Комментарий |

Еврей на площади Борьбы

Вот уже не думал, что окажусь там трезвый. На площади Борьбы то
есть, где памятник Ерофееву и бабе его. А началось все с другой
бабы — бабы Шенкмана. Я с ней встречался у Белорусской.
Пришел, как всегда, на сорок пять минут раньше срока — чтобы
подышать спокойненько на морозе. Дышать пошел, ясное дело, в
рюмочную — любимую, что перед мостом.

Рюмочной нету!

Пошел на Грузинский вал, в «Кулинарию». Тоже любимую, еще при
большевиках прикормленную.

Нет «Кулинарии»!

Есть только три подряд кабака — один хуже другого. Но там ведь не
только миллионы-миллиарды, заработанные в газете ложью и
клеветой против законно избранного президента тратить придется,
там надо сидеть (а я как раз копчик тут по трезвому делу
сломал — только стоя могу бухать) и ждать (часами!) официантов в
русских народных рубашках. А там уже баба шенкмановская
волнуется. Пошел к ней трезвым.

Стою. Девочка подходит, лет десяти. Как дойти до казино «Голден
палас», спрашивает.

— Ну, если от журнала «Октябрь», то направо, а если от газеты...
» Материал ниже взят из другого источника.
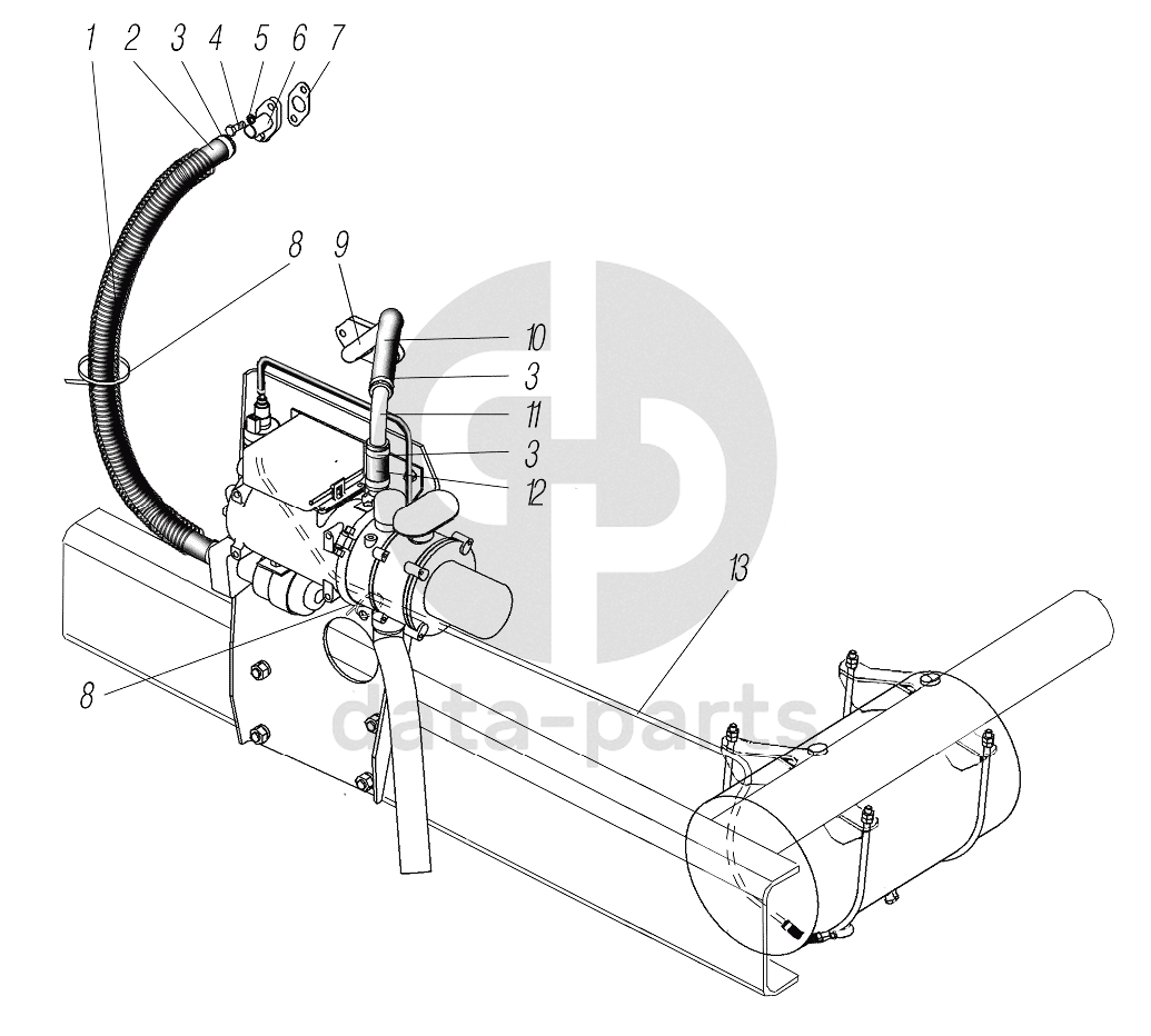 Трубопроводы и шланги системы предпускового подогрева двигателя Вариант 2
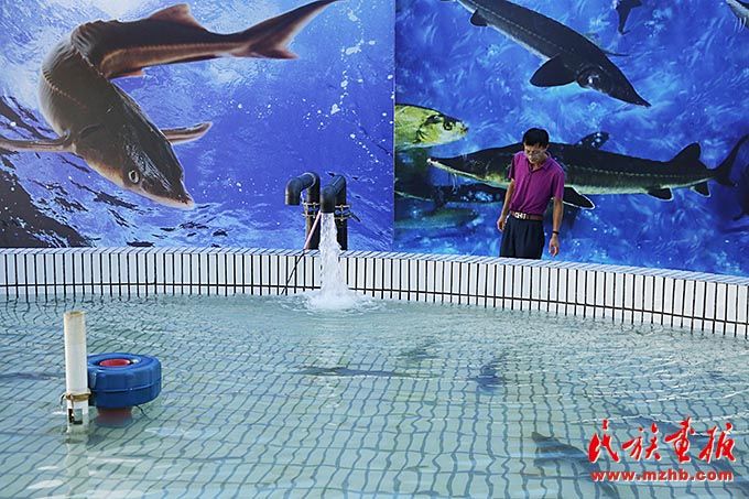 同江市赫哲族魚(yú)展館里養(yǎng)殖的鰉魚(yú),這些鰉魚(yú)養(yǎng)大后會(huì)放歸自然。
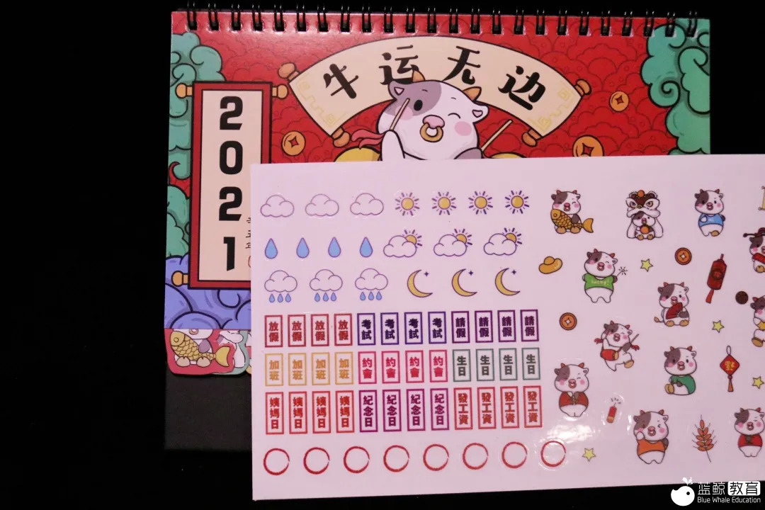 更令我们没想到的是,盲盒中还有一本2021年的台历。要知道,我们下单时已是6月,此时还将台历放入盲盒,有消耗积压库存之嫌。更重要的是,台历附赠的标记贴纸中,关于特殊日期的部分还包括“姨妈日”、“约会”等图标,多少有些不合适。
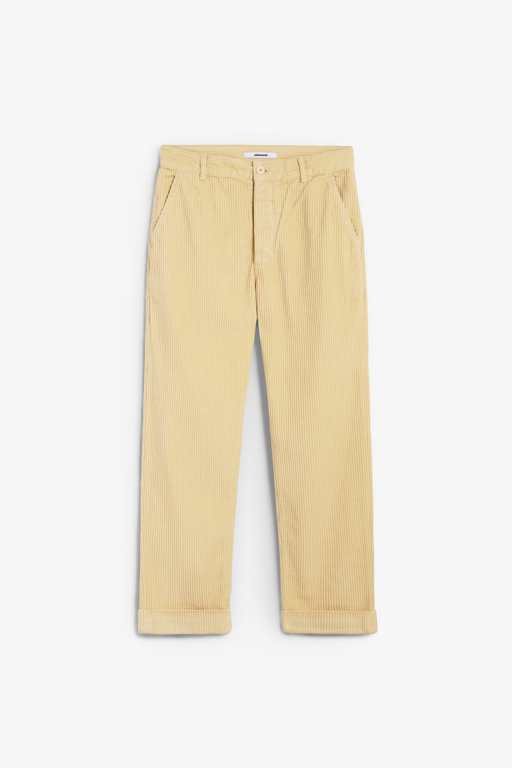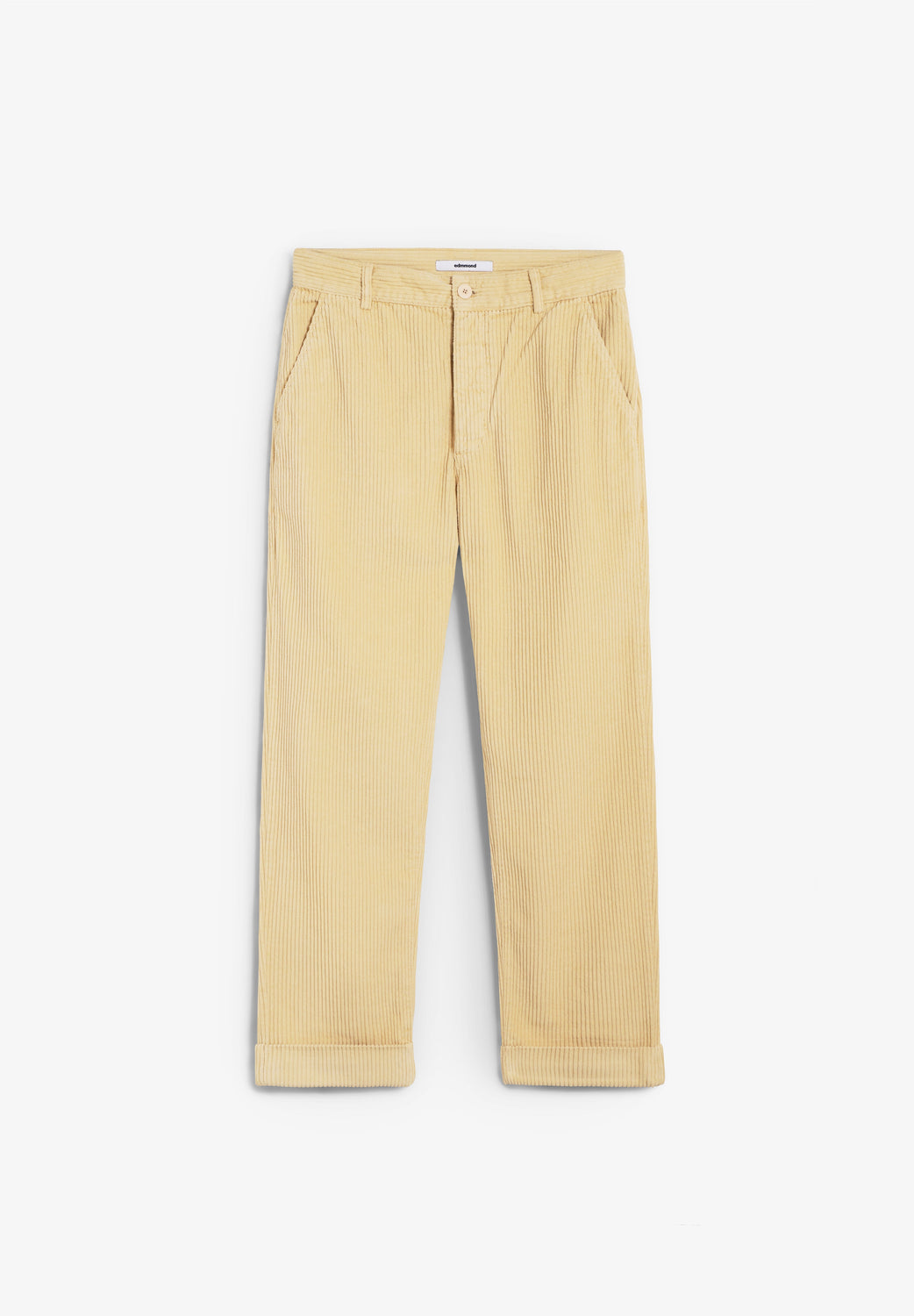 Calças Edmmond Studios confecionadas em 100% algodão e corte carrot. Com bolsos laterais, dois bolsos traseiros com fecho de botão, carcela com botões e bainha enrolada. Pormenor de etiqueta bordada na parte de trás.

— А если отсюда? — переходя на грубую матерщину, перебивает девочка.

— А если отсюда, то вам так-то и так-то,— это баба подошла уже, шенкмановская.

— Хотя,— продолжает она,— прогуливать школу ради занятий
проституцией не перспективно. И вообще — так себе профессия. Вот
стукнет вам сорок два с половиной, а образования нету...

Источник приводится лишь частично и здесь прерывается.